### Task statement:
Would you return every entry below without a single difference?

##########

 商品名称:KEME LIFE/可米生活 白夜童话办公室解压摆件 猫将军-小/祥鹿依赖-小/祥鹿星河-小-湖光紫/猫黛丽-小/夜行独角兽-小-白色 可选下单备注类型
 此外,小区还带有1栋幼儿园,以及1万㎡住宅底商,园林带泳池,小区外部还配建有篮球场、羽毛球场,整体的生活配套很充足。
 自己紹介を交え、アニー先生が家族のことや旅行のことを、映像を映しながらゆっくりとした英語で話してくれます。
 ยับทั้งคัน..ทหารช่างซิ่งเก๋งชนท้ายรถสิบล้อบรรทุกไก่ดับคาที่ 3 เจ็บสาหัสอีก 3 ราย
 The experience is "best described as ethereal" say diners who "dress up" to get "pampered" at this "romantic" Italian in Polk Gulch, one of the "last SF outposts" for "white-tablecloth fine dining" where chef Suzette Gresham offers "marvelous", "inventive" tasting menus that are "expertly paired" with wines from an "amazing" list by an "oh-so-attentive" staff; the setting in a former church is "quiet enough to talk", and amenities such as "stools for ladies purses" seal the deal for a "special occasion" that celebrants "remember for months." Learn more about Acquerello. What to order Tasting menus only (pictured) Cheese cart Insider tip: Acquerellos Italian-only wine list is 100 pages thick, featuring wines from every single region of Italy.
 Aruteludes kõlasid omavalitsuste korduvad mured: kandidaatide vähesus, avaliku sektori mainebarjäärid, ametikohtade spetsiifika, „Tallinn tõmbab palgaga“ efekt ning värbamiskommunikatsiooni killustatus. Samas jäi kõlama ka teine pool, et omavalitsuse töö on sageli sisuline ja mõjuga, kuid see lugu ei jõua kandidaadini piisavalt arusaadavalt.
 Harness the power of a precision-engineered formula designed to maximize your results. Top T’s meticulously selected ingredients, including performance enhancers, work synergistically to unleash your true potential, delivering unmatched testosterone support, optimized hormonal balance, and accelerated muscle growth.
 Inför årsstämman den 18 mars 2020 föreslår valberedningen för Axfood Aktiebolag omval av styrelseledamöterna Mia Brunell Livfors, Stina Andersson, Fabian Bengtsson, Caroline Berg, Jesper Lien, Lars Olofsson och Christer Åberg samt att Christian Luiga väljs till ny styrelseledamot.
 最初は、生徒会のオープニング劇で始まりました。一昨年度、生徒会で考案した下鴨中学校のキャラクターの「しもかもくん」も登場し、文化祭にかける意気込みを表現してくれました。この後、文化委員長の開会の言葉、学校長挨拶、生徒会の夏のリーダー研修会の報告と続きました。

##########

### Your solution:
 商品名称:KEME LIFE/可米生活 白夜童话办公室解压摆件 猫将军-小/祥鹿依赖-小/祥鹿星河-小-湖光紫/猫黛丽-小/夜行独角兽-小-白色 可选下单备注类型
 此外,小区还带有1栋幼儿园,以及1万㎡住宅底商,园林带泳池,小区外部还配建有篮球场、羽毛球场,整体的生活配套很充足。
 自己紹介を交え、アニー先生が家族のことや旅行のことを、映像を映しながらゆっくりとした英語で話してくれます。
 ยับทั้งคัน..ทหารช่างซิ่งเก๋งชนท้ายรถสิบล้อบรรทุกไก่ดับคาที่ 3 เจ็บสาหัสอีก 3 ราย
 The experience is "best described as ethereal" say diners who "dress up" to get "pampered" at this "romantic" Italian in Polk Gulch, one of the "last SF outposts" for "white-tablecloth fine dining" where chef Suzette Gresham offers "marvelous", "inventive" tasting menus that are "expertly paired" with wines from an "amazing" list by an "oh-so-attentive" staff; the setting in a former church is "quiet enough to talk", and amenities such as "stools for ladies purses" seal the deal for a "special occasion" that celebrants "remember for months." Learn more about Acquerello. What to order Tasting menus only (pictured) Cheese cart Insider tip: Acquerellos Italian-only wine list is 100 pages thick, featuring wines from every single region of Italy.
 Aruteludes kõlasid omavalitsuste korduvad mured: kandidaatide vähesus, avaliku sektori mainebarjäärid, ametikohtade spetsiifika, „Tallinn tõmbab palgaga“ efekt ning värbamiskommunikatsiooni killustatus. Samas jäi kõlama ka teine pool, et omavalitsuse töö on sageli sisuline ja mõjuga, kuid see lugu ei jõua kandidaadini piisavalt arusaadavalt.
 Harness the power of a precision-engineered formula designed to maximize your results. Top T’s meticulously selected ingredients, including performance enhancers, work synergistically to unleash your true potential, delivering unmatched testosterone support, optimized hormonal balance, and accelerated muscle growth.
 Inför årsstämman den 18 mars 2020 föreslår valberedningen för Axfood Aktiebolag omval av styrelseledamöterna Mia Brunell Livfors, Stina Andersson, Fabian Bengtsson, Caroline Berg, Jesper Lien, Lars Olofsson och Christer Åberg samt att Christian Luiga väljs till ny styrelseledamot.
 最初は、生徒会のオープニング劇で始まりました。一昨年度、生徒会で考案した下鴨中学校のキャラクターの「しもかもくん」も登場し、文化祭にかける意気込みを表現してくれました。この後、文化委員長の開会の言葉、学校長挨拶、生徒会の夏のリーダー研修会の報告と続きました。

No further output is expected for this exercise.